[AIM OF THE EXERCISE]: Give the whole listing below once more, exactly, without pictures.

[DATASET EXCERPT]:
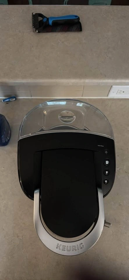 This Keurig coffee maker is in good working condition. It brews a single cup of coffee quickly and easily. Perfect for a morning pick-me-up!
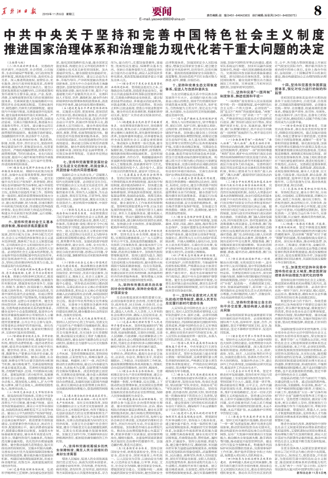 中共中央关于坚持和完善中国特色社会主义制度推进国家治理体系和治理能力现代化若干重大问题的决定
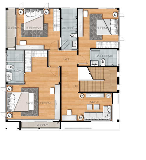 2. แบบบ้าน MANTRA - บ้านเดี่ยว 2 ชั้น พื้นที่ใช้สอย 271 ตร.ม. บนพื้นที่ 100 ตร.วา ขนาด 4 ห้องนอน 5 ห้องน้ำ 2-3 ที่จอดรถ พร้อมห้องนอนชั้นล่างสำหรับผู้สูงอายุ, ครัวและพื้นที่ซักรีด, ลานซักล้าง, ห้องแม่บ้าน และ 2 ห้องนั่งเล่นขนาดใหญ่ ที่สามารถปรับเปลี่ยนฟังก์ชันให้เป็น Mini Home Theatre หรือห้องออกกำลังกาย
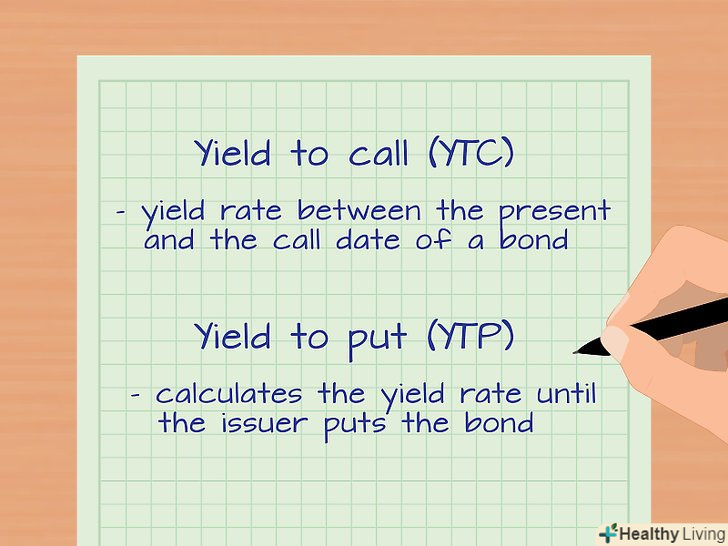 Усвідомте зміни прибутковості до погашення.емітент облігацій може зробити так, що вони не досягнуть терміну погашення. Такі дії знижують прибутковість по облігаціях. Наприклад, емітент може відкликати облігації, тобто погасити облігації до призначеного строку, або викупити їх до строку погашення.[9]

[EXERCISE OUTPUT]:
 This Keurig coffee maker is in good working condition. It brews a single cup of coffee quickly and easily. Perfect for a morning pick-me-up!
 中共中央关于坚持和完善中国特色社会主义制度推进国家治理体系和治理能力现代化若干重大问题的决定
 2. แบบบ้าน MANTRA - บ้านเดี่ยว 2 ชั้น พื้นที่ใช้สอย 271 ตร.ม. บนพื้นที่ 100 ตร.วา ขนาด 4 ห้องนอน 5 ห้องน้ำ 2-3 ที่จอดรถ พร้อมห้องนอนชั้นล่างสำหรับผู้สูงอายุ, ครัวและพื้นที่ซักรีด, ลานซักล้าง, ห้องแม่บ้าน และ 2 ห้องนั่งเล่นขนาดใหญ่ ที่สามารถปรับเปลี่ยนฟังก์ชันให้เป็น Mini Home Theatre หรือห้องออกกำลังกาย
 Усвідомте зміни прибутковості до погашення.емітент облігацій може зробити так, що вони не досягнуть терміну погашення. Такі дії знижують прибутковість по облігаціях. Наприклад, емітент може відкликати облігації, тобто погасити облігації до призначеного строку, або викупити їх до строку погашення.[9]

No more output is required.